Nassau County District Attorney Kathleen Rice announced on Jan. 16 the sentencing of a Rockville Centre man who stole more than $429,000 in company funds to enrich his lifestyle at the expense of his employers and his fellow employees.
Christopher Cortese, 57, pleaded guilty as charged in October 2013 to Grand Larceny in the Second Degree. On Jan. 16, Judge Philip Grella of Nassau County Court sentenced Cortese to 1-1/2 to 4-1/2 years in prison, and restitution by civil judgment in the amount of $429,555.84.

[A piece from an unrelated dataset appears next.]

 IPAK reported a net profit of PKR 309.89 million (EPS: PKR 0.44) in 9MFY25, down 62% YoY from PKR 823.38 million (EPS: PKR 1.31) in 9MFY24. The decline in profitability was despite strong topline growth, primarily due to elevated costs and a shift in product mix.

“Though Mr. Cortese stole almost half a million dollars from a business, this is no victimless crime,” Rice said. “By committing these acts, Mr. Cortese hurt innocent colleagues of the company he defrauded and violated the trust all employers put in their employees. My office will continue to prosecute crimes wherever they may occur — be they in the boardroom, or out on the street.”
Rice said that Cortese was employed by Kainos Partners Holding Company, LLC, a corporation that has owned and operated over 50 Dunkin Donuts franchises, as its chief financial officer since May 2005. Kainos began investigating Cortese in January 2009 after discovering a number of financial irregularities, including $53,500 for a home office, $60,000 in gift cards, and more than $100,000 in trips, meals, and other expenses.

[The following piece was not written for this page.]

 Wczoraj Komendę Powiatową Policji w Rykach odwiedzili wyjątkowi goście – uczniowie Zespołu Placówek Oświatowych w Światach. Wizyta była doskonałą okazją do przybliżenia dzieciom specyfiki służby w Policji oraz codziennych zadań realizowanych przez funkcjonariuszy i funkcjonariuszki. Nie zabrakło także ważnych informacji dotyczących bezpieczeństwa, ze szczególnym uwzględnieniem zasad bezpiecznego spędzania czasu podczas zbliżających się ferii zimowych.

In addition, Cortese hired two girlfriends as consultants, funneling $109,060 to one woman for information technology services that were never performed. Cortese also used company funds to pay for the first car lease payment for a Mercedes Benz for the woman and secured company health and dental benefits for her, despite her not being a company employee. Another girlfriend received $20,000 for services never performed. Cortese was terminated by Kainos on Feb. 4, 2009.